> [Problem details]: Using the material below, print the line that contains "Затылочный и подбородный", the line that contains "首都新春,彩灯闪烁、灯笼高挂", and every line in between, exactly and nothing else.

※

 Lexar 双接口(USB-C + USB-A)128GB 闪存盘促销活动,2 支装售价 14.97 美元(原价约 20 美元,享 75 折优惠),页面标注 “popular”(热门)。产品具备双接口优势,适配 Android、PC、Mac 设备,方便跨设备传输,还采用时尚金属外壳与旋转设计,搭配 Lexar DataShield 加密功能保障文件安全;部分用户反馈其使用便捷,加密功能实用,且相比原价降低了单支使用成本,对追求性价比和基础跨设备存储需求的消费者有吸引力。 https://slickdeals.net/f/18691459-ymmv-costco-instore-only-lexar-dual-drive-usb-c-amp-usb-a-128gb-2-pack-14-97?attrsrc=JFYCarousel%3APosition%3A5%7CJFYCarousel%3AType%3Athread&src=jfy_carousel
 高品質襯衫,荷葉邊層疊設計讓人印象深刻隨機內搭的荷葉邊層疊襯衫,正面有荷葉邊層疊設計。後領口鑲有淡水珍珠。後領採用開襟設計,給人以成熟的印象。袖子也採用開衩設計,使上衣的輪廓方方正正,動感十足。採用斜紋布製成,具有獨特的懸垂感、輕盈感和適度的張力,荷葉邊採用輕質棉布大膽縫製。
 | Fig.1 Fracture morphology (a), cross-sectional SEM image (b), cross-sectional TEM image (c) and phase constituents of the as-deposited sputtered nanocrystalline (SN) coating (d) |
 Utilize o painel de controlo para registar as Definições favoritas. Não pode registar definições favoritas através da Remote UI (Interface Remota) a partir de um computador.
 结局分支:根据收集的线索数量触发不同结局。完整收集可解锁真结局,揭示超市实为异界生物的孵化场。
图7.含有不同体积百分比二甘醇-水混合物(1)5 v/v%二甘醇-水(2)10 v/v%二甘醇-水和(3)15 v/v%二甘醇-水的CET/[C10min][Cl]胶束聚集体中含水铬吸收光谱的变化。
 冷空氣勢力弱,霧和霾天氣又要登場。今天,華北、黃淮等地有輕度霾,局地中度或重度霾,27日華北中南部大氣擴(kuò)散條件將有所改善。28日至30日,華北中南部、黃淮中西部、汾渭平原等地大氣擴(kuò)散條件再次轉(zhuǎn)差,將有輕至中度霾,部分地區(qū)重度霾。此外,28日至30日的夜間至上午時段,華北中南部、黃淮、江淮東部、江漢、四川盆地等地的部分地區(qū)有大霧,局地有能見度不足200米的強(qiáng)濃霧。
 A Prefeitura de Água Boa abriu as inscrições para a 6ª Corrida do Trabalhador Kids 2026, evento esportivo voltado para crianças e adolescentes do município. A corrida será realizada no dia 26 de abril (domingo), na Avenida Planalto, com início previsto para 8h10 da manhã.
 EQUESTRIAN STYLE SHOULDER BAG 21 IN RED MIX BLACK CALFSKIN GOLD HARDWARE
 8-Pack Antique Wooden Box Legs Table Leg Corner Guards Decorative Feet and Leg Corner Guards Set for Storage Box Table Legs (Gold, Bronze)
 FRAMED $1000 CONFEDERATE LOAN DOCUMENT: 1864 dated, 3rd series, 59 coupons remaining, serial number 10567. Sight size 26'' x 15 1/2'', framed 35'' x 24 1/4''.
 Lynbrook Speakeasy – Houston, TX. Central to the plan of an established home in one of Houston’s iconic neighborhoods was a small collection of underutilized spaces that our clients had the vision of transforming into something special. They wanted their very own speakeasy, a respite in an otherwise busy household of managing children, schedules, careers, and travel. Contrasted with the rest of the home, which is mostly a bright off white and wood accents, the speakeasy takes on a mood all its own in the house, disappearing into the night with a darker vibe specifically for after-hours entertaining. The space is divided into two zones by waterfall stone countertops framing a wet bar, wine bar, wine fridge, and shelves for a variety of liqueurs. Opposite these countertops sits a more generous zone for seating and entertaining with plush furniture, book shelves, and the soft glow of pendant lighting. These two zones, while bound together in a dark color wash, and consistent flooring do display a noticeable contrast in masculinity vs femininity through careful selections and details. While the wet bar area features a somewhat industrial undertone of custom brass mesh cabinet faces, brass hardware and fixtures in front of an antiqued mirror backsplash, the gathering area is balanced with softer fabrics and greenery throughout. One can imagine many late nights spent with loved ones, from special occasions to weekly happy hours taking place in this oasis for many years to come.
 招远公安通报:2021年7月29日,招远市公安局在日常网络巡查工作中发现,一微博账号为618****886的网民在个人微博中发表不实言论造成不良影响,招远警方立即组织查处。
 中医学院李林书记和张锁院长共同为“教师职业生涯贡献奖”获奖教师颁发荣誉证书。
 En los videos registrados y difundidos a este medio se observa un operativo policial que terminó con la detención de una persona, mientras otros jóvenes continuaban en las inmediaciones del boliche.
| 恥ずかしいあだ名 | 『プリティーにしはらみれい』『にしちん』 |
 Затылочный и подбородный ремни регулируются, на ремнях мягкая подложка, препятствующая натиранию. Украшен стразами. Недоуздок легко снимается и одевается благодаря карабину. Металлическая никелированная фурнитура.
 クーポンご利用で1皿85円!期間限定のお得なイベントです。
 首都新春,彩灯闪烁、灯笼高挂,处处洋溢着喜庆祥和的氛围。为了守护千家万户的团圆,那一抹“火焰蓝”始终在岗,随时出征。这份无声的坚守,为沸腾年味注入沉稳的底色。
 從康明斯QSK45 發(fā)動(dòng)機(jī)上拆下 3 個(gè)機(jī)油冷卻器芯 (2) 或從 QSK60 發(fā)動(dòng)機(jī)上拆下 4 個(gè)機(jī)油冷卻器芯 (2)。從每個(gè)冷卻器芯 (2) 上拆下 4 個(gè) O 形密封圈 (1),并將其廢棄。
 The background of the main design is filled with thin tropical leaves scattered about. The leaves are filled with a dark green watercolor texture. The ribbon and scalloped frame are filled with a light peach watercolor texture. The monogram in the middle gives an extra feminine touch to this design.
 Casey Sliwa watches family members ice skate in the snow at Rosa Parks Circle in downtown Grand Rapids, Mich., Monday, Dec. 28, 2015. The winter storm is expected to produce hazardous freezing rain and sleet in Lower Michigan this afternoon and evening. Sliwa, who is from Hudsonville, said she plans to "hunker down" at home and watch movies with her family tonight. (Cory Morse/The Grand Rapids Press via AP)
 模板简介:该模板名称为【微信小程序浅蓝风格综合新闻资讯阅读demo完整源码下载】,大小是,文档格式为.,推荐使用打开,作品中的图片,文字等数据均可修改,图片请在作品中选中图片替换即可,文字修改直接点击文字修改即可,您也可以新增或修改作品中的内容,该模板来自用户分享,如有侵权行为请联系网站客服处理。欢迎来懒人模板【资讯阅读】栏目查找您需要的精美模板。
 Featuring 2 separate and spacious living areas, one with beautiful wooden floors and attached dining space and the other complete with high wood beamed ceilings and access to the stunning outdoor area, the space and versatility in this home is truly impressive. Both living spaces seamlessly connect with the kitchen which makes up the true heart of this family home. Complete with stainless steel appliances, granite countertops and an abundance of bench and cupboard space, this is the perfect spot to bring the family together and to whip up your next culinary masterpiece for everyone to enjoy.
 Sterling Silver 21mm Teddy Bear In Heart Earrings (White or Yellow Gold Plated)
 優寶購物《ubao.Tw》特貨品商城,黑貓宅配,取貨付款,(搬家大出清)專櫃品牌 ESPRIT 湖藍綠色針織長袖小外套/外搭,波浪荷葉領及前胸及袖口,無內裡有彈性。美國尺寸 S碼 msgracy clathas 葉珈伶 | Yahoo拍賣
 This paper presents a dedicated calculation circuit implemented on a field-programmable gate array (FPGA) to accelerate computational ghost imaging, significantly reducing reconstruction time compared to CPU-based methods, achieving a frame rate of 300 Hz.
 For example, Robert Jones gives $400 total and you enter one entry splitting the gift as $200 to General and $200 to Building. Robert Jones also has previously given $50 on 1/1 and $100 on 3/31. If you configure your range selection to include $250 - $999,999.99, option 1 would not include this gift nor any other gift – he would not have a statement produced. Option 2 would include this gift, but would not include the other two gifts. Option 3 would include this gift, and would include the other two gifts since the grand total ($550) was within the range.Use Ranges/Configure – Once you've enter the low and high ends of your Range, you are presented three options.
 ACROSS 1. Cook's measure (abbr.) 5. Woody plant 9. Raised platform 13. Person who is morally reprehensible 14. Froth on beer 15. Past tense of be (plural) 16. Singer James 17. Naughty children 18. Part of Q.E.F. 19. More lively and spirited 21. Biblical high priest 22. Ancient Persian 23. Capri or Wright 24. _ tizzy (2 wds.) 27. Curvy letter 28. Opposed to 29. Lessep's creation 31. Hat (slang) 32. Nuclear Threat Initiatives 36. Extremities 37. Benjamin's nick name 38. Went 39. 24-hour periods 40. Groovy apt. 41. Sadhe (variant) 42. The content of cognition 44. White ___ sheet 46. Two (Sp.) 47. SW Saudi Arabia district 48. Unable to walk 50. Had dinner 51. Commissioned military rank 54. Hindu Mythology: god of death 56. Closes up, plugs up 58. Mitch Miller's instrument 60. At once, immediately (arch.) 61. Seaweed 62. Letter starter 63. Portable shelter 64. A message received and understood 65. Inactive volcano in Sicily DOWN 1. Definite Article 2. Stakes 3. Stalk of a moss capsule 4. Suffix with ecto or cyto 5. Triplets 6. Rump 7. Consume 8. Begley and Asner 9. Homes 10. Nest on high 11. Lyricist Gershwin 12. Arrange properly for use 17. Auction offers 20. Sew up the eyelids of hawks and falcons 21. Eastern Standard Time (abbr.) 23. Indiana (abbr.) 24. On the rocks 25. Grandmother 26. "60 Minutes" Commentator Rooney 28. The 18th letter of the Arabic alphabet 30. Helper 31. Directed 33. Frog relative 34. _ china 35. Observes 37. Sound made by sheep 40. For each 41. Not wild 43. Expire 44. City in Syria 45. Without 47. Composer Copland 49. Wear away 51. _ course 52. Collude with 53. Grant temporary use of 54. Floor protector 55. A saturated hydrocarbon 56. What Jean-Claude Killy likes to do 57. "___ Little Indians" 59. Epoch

※

> [Exercise answer]:
 Затылочный и подбородный ремни регулируются, на ремнях мягкая подложка, препятствующая натиранию. Украшен стразами. Недоуздок легко снимается и одевается благодаря карабину. Металлическая никелированная фурнитура.
 クーポンご利用で1皿85円!期間限定のお得なイベントです。
 首都新春,彩灯闪烁、灯笼高挂,处处洋溢着喜庆祥和的氛围。为了守护千家万户的团圆,那一抹“火焰蓝”始终在岗,随时出征。这份无声的坚守,为沸腾年味注入沉稳的底色。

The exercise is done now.